Actually, no. It’s because we were good engineers that it wasn’t written in that way. This is one of the hardest things for product owners to understand, and I hope to explain it in this post.
Evolutionary Design
Once upon a time, development teams worked in specific phases. First they would design all of the code they were going to write; boxes would be drawn on whiteboards, sequences captured in documents, and so on. Once the design was finished, the developers would go off and write the code for it. Luckily, our industry has realized that this is a problematic way to write software.
It’s simply not likely that the team will discover all of the quirks of the design during the design phase. It’s even more likely that requirements and features will change during the long span of time this process takes, forcing the developers to throw away work and go “back to the drawing board” on the design. Splitting the design phase from the coding phase is a recipe for disaster.
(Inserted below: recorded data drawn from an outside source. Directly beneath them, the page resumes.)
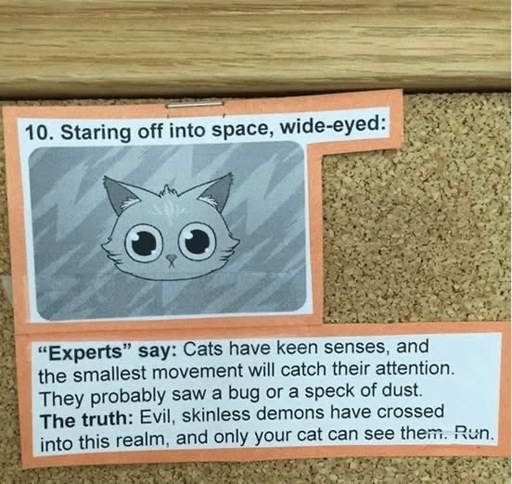 Every night while I’m on my computer, my cat sits on the desk beside me. Occasionally, she sits up and stares, wide-eyed, just over my shoulder and up a little. The house is silent. What the actual … ?!
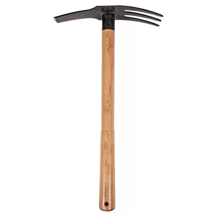 The Culti Dag is a two-sided garden tool that features a cultivator end with three 3″ tines and a narrow dagger end that tapers to a 1″ width and is sharpened for use as a pick. Its carbon steel tool head is heat-treated for durability and edge retention. The broad end of the blade is a consistent 2 1/2″ width, ideal for raking and cultivating even the toughest soils. It is equipped with a 15″ wood handle and has an overall blade length of 8 3/8″.
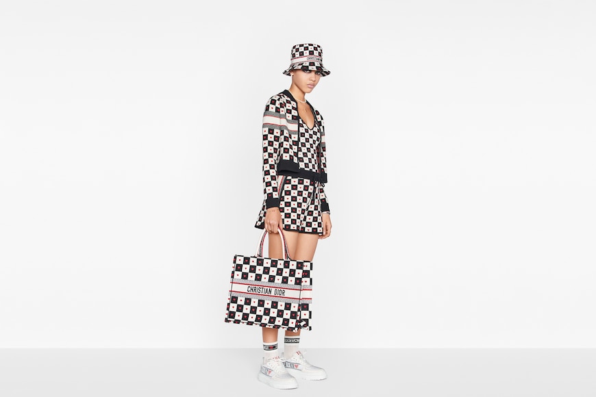 JT opted for a black, red, and white look which gave us DC Comics’s “Harley Quinn” vibes. She wore a $2,150 Dioramour bodysuit (sold out). Part of the Dioramour collection, the bodysuit appears in the capsule’s standout black, white, and red color palette complete with the D-chess heart motif. Not to mention, it adds a little Dior heritage with its signature ‘CHRISTIAN DIOR’ straps. She also rocks the $2,280 Micro Caro Bag form the Dioramour colleciton. Jt then finishes the look with a pair of $1,495 Christian Louboutin “Kate” Calfskin Red Sole Stiletto Knee Boots.
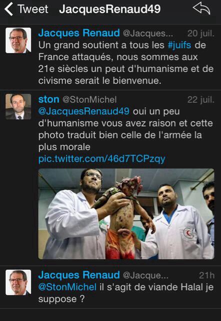 Le vrai visage infecte de Jacques #Renaud adjoint au maire de Montreuil-juigné sur #Twitter. Cet homme vit en #France le pays des Droits de l’homme…
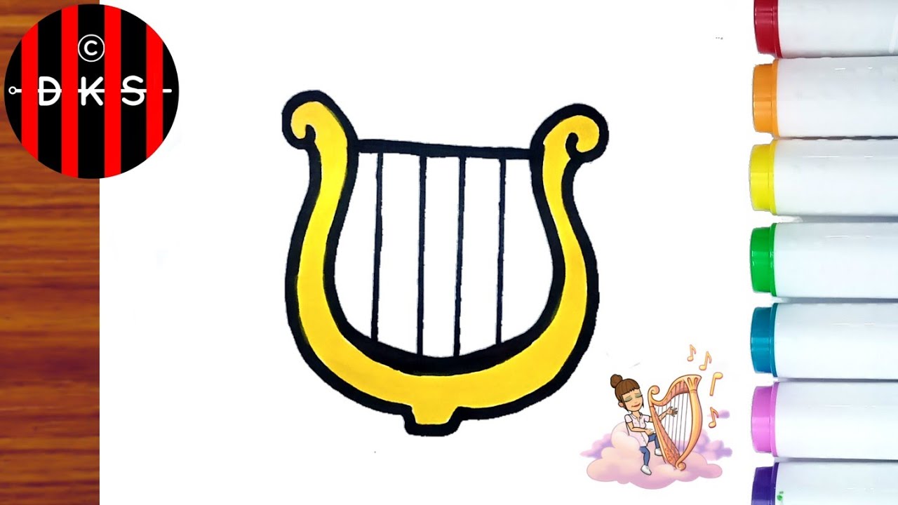 How To Draw Harp Music Instrumental Easy Drawing Dks Cartoon Youtube
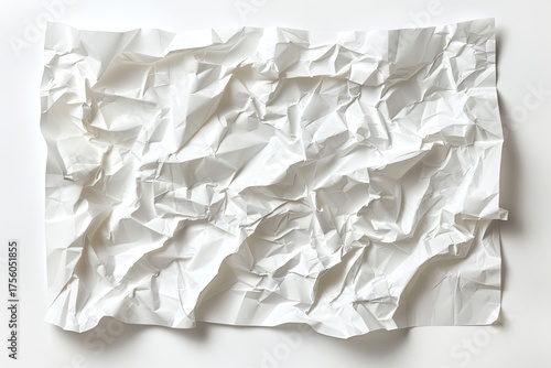 Wrinkled paper, overhead, for ideas, waste, or office backgrounds on white surface
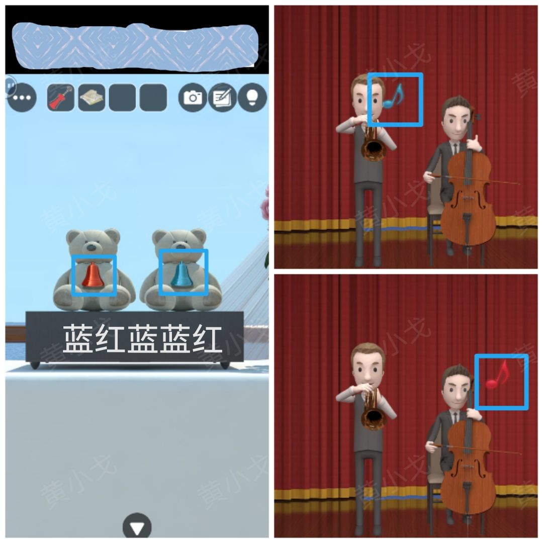 20.根据[表演厅]两位演奏者演奏的顺序,按顺序点击玩偶熊身上对应颜色的铃铛

Instead, it’s generally preferable to practice evolutionary design; allow the design to grow organically as the code is written. This, combined with testing and refactoring, seems to be the best known way to ensure that the quality of the code remains high as a product grows.
Doing this makes it easier to deal with changes that effect design, and it prevents the team from wasting time going “back to the drawing board” in the event a problem is discovered.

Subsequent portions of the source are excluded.